[Extracted entries — start]
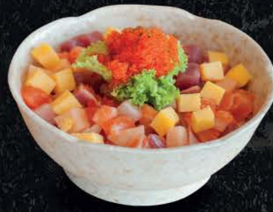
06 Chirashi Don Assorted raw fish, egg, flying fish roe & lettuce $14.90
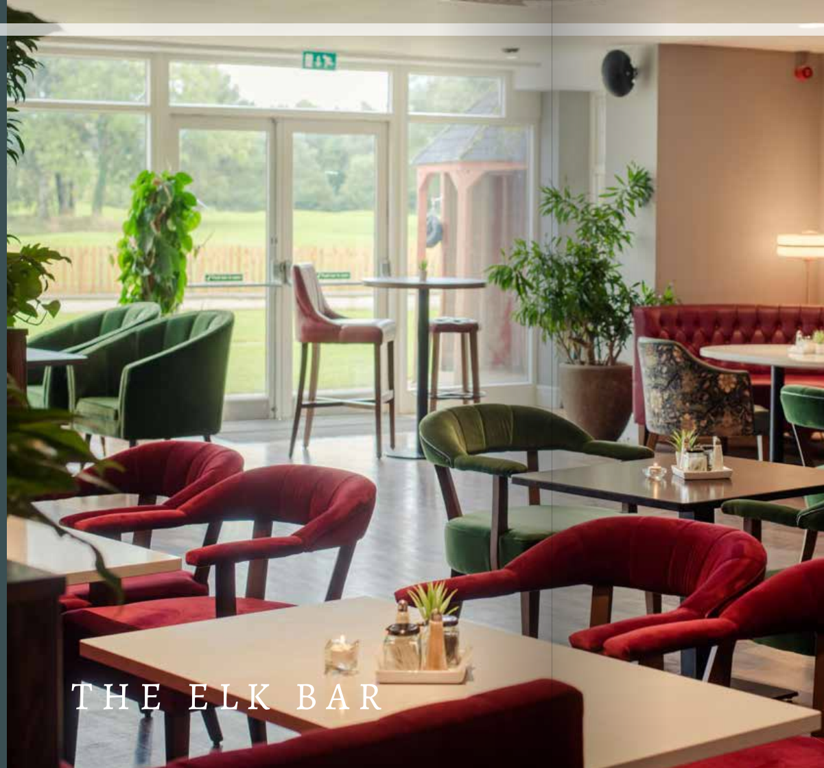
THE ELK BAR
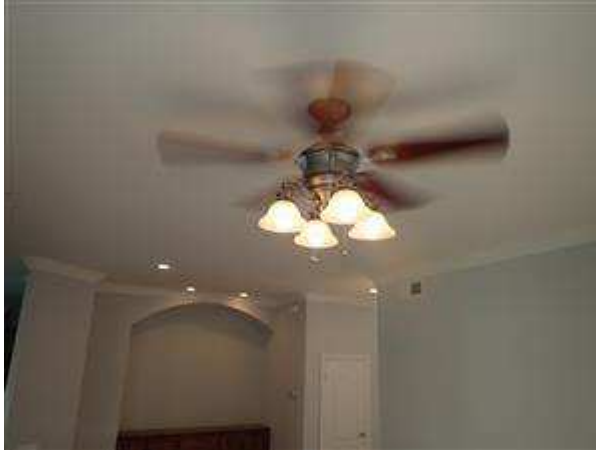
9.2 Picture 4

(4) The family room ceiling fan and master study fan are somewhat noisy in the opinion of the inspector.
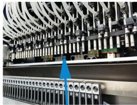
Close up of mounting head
[Extracted entries — finish]
[Extracted entries — start]
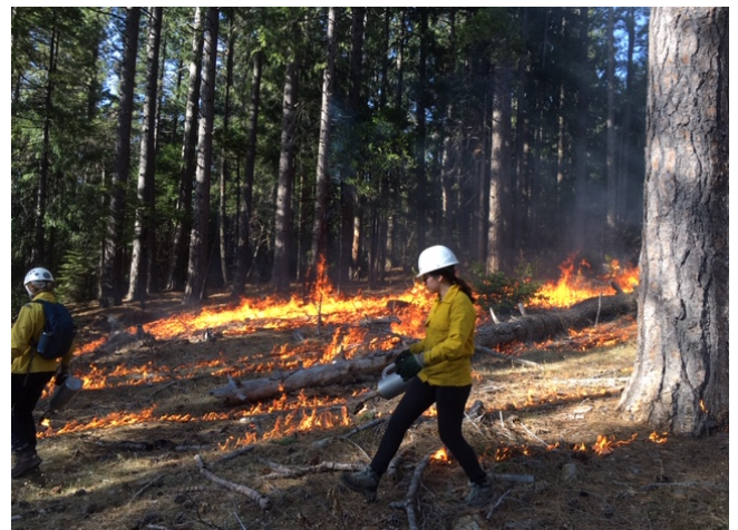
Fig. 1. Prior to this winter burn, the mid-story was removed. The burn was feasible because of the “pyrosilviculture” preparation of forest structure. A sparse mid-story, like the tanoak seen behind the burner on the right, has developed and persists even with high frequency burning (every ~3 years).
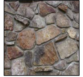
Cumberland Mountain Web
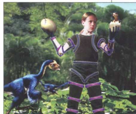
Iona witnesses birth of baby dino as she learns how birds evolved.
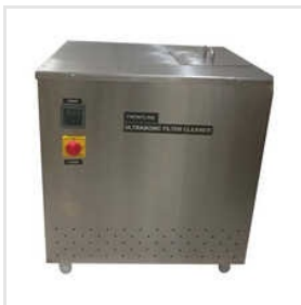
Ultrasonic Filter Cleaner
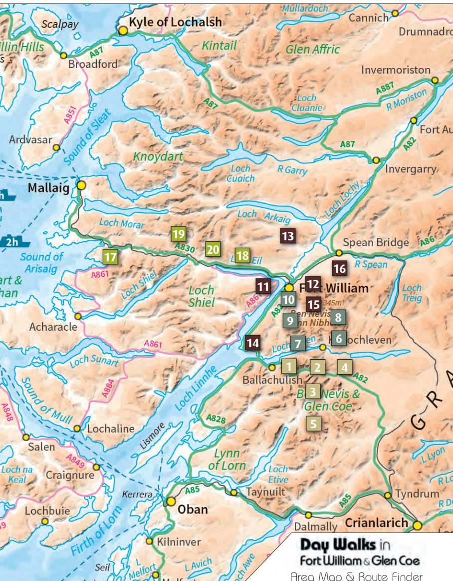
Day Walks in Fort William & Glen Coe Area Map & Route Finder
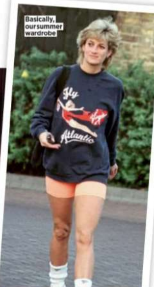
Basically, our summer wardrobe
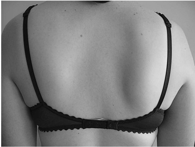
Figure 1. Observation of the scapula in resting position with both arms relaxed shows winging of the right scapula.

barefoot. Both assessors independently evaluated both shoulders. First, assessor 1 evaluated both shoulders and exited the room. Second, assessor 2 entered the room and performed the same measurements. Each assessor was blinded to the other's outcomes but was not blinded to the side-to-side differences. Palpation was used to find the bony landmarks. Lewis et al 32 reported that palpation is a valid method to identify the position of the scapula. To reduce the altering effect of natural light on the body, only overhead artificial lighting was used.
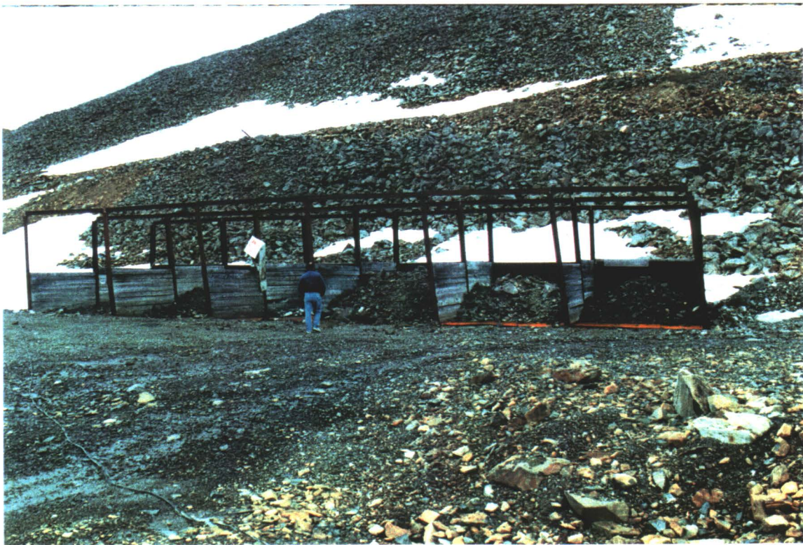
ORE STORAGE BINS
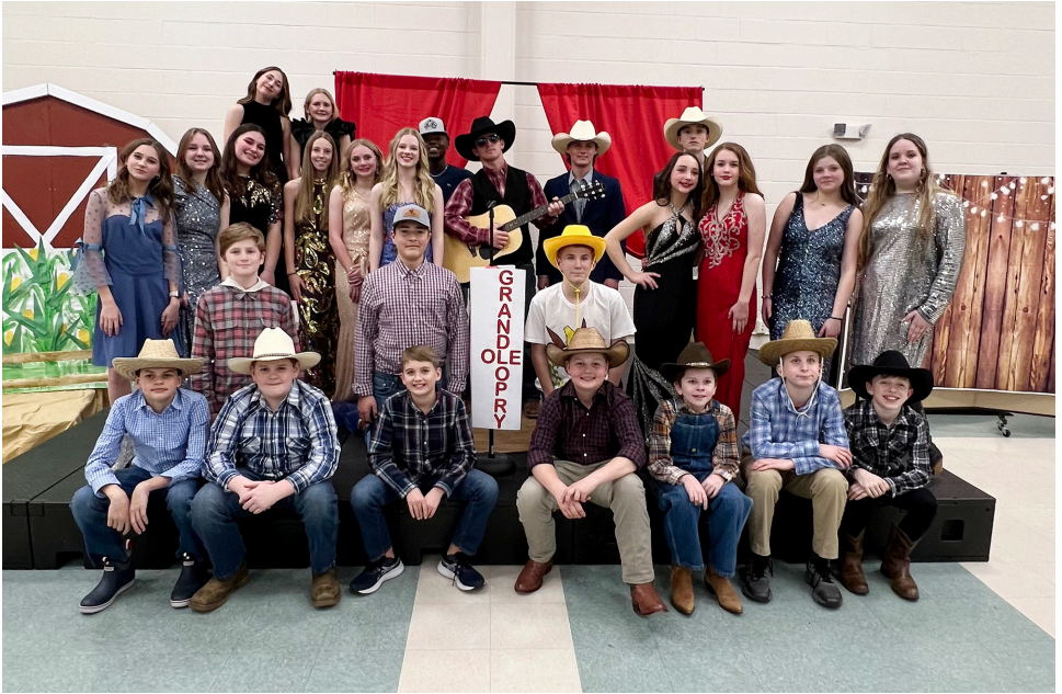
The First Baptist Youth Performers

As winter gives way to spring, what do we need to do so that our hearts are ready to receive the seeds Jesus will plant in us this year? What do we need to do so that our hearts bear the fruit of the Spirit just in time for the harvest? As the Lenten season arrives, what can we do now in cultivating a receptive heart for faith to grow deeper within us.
[Extracted entries — finish]
--- Problem to work on ---
Between and including the line above that contains "06 Chirashi Don" and the line that contains "Close up of mounting head", restate every line word for word. Pictures stay out.

--- Task result ---
06 Chirashi Don Assorted raw fish, egg, flying fish roe & lettuce $14.90
THE ELK BAR
9.2 Picture 4

(4) The family room ceiling fan and master study fan are somewhat noisy in the opinion of the inspector.
Close up of mounting head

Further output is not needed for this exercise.